Griggs was staring out the window at him as the tank rumbled by. The two men looked at each other for a moment, but neither waved goodbye or smiled. Two days later, Griggs would get in his SUV with his wife and his brother and his brother’s wife and they would all head to Washington together, trapped by the silence of not being able to discuss why their children weren’t with them.
The tank rumbled past the front gate. No longer was there base security checking your ID on the way on and off the government grounds. Years earlier, when the base was fully functional, they had even had speed traps set up around the roads. Anyone going faster than fifteen miles per hour would have gotten pulled over by the unsmiling pseudo police.
Instead of turning west to go back to the city, toward the flames, the tank turned east, toward the ocean. Jeffrey was aware of his actions enough to know he was driving away from the city, but he never really gave thought to the fact that he was actually leaving it.
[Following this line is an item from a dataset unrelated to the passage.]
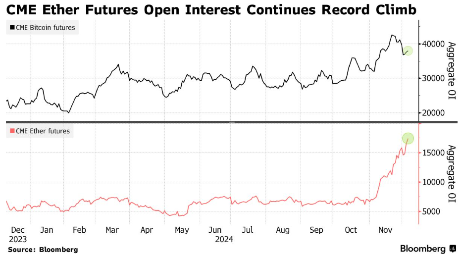 Open interest in futures contracts for Ether has soared to record levels on CME Group Inc.'s derivatives platform, surpassing the increase in Bitcoin futures contracts by a wide margin, which indicates that investors expect further gains.

He didn’t think about his son’s dead body because, somewhere in his head, he still envisioned his son at home on the porch, enjoying the silence. Before long, the tank approached the Garden State Parkway. Instead of heading south toward Washington, where everyone else would be going in two more days, he took the ramp north. Fort Dix got smaller and smaller as he drove away.
The newness of driving a tank made him feel like he was flying down the road on a go-cart. In reality, he was only going twenty miles per hour. He kept it that speed until he felt like there was no way the black cloud could descend on him. If it rained, he was sure that black liquid would pour down on him and suffocate him too.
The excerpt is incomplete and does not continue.